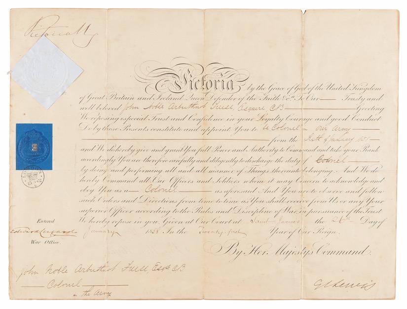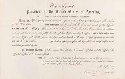 17. U. S. Grant Document Signed as President. Partly-printed DS as president, one page, 17.75 x 11.25, March 3, 1871. President Grant appoints H. P. Van Cleve to be “Deputy Postmaster at Saint Anthony’s Falls in the State of Minnesota.” Signed at the conclusion by President Ulysses S. Grant and countersigned by Secretary of State Hamilton Fish. The white paper seal affixed at the lower left remains fully intact. In fine condition. Horatio Phillips Van Cleve (1809-1891) served in the Union Army throughout the Civil War, rising from the rank of colonel with the Minnesota Volunteers to general in command at Murfreesboro, Tennessee. He saw action at the Battle of Logan’s Cross Roads, participated in the Siege of Corinth, was wounded at Stone’s River, and fought at the Battle of Chickamauga. Starting Bid $200
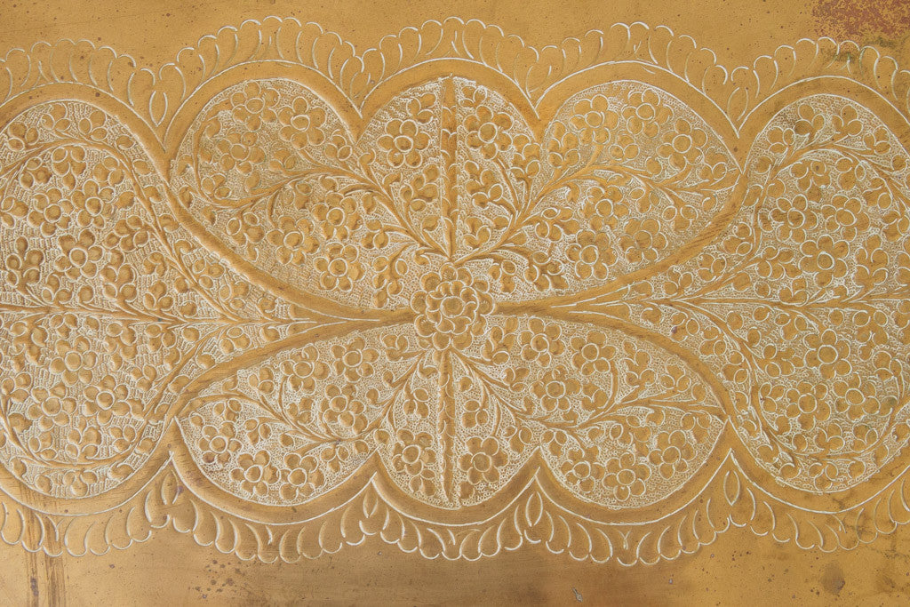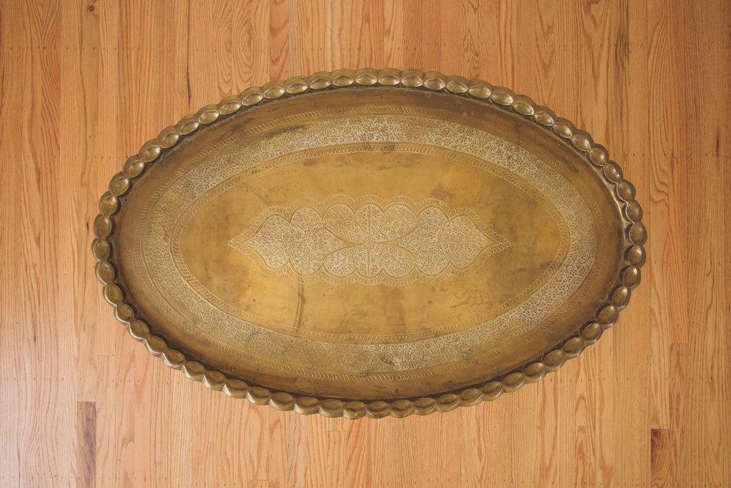 This vintage coffee table has a heavy brass oval tray top that rests on a folding wood frame with four legs. The tray has a very detailed carved design and the legs are brass capped. It's in good shape with age related wear including a professional repair to the base. Please see pictures for detailed condition.
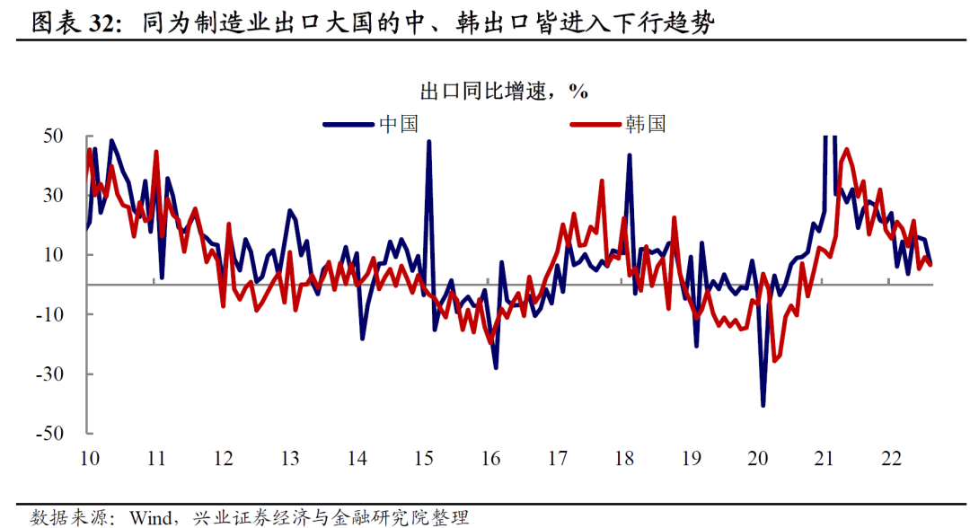 疫情以来的外需支撑形势后续将面临变化。疫情以来,在海外政策强刺激下需求出现扩张,而我国因为科学有序的疫情防控、完备稳健的生产供应体系在全球供给优势凸显背景下,我国出口持续保持较好增长趋势,经济受外需支撑明显。今年以来,海外形势发生剧烈变化,美联储快节奏加息、俄乌冲突升级、欧洲能源危机叠加,给全球需求盖上了深深的阴霾;大宗商品涨价趋势的趋缓,出口受涨价因素支撑出现下降;大国博弈加剧、能源领域竞争凸显,发达经济体频频使用制裁工具,全球贸易壁垒加大;受这些因素叠加影响,同为制造业出口大国的中、韩,出口增速自2021年下半年以来皆进入下行趋势。往后看,以上诸多因素还会继续演绎,我国出口下行趋势较为确定,疫情以来的外需支撑形势面临变化。

•••

WHAT IS NEEDED - Begin at the line containing "This vintage coffee" and restate exactly every line through the end of the material, skipping the pictures.

EXERCISE RESPONSE -
 This vintage coffee table has a heavy brass oval tray top that rests on a folding wood frame with four legs. The tray has a very detailed carved design and the legs are brass capped. It's in good shape with age related wear including a professional repair to the base. Please see pictures for detailed condition.
 疫情以来的外需支撑形势后续将面临变化。疫情以来,在海外政策强刺激下需求出现扩张,而我国因为科学有序的疫情防控、完备稳健的生产供应体系在全球供给优势凸显背景下,我国出口持续保持较好增长趋势,经济受外需支撑明显。今年以来,海外形势发生剧烈变化,美联储快节奏加息、俄乌冲突升级、欧洲能源危机叠加,给全球需求盖上了深深的阴霾;大宗商品涨价趋势的趋缓,出口受涨价因素支撑出现下降;大国博弈加剧、能源领域竞争凸显,发达经济体频频使用制裁工具,全球贸易壁垒加大;受这些因素叠加影响,同为制造业出口大国的中、韩,出口增速自2021年下半年以来皆进入下行趋势。往后看,以上诸多因素还会继续演绎,我国出口下行趋势较为确定,疫情以来的外需支撑形势面临变化。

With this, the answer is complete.